*Problem details*:
Please repeat exactly the lines below from the one containing "记者在公司产品展示区看到,不" down to the one containing "пленка, 300х150 мм)", both included, and nothing else.

*Records for this exercise*:
· · ·
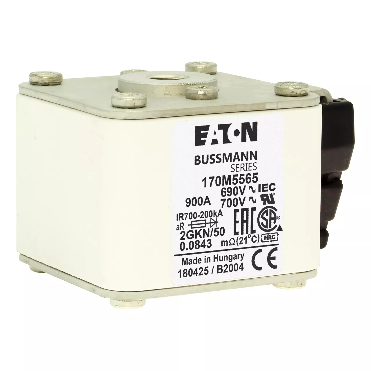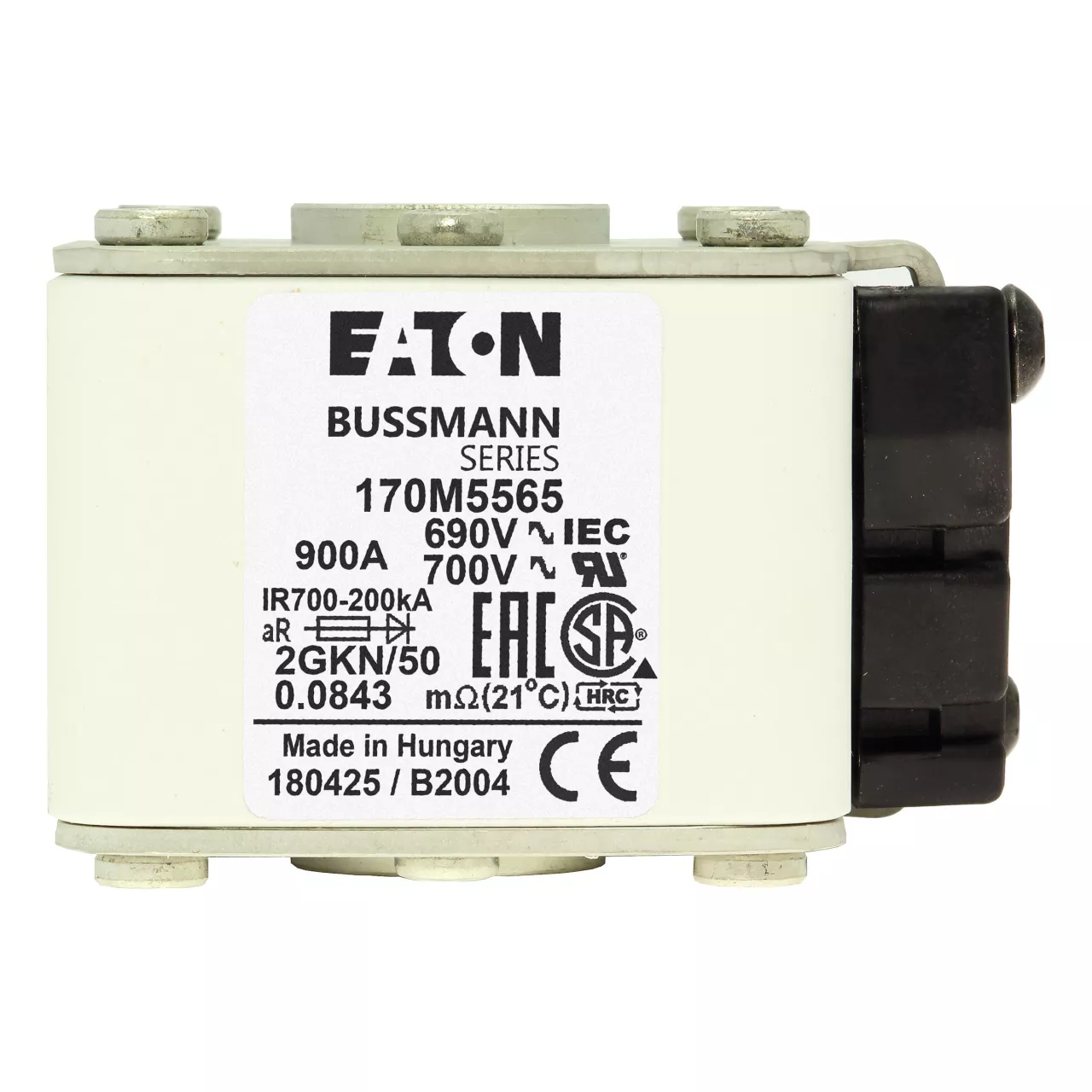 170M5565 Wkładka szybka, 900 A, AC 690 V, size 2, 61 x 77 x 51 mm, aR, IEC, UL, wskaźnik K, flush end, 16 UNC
· · ·
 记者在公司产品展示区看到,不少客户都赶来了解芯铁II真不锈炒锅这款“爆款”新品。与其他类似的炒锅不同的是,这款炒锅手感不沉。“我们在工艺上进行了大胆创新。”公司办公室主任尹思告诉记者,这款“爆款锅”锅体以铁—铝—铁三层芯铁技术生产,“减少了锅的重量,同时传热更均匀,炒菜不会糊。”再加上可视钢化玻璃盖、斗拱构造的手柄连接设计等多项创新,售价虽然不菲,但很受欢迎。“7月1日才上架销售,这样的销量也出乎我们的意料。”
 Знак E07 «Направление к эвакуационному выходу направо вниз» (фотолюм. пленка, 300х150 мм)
· · ·
*Exercise answer*:
 记者在公司产品展示区看到,不少客户都赶来了解芯铁II真不锈炒锅这款“爆款”新品。与其他类似的炒锅不同的是,这款炒锅手感不沉。“我们在工艺上进行了大胆创新。”公司办公室主任尹思告诉记者,这款“爆款锅”锅体以铁—铝—铁三层芯铁技术生产,“减少了锅的重量,同时传热更均匀,炒菜不会糊。”再加上可视钢化玻璃盖、斗拱构造的手柄连接设计等多项创新,售价虽然不菲,但很受欢迎。“7月1日才上架销售,这样的销量也出乎我们的意料。”
 Знак E07 «Направление к эвакуационному выходу направо вниз» (фотолюм. пленка, 300х150 мм)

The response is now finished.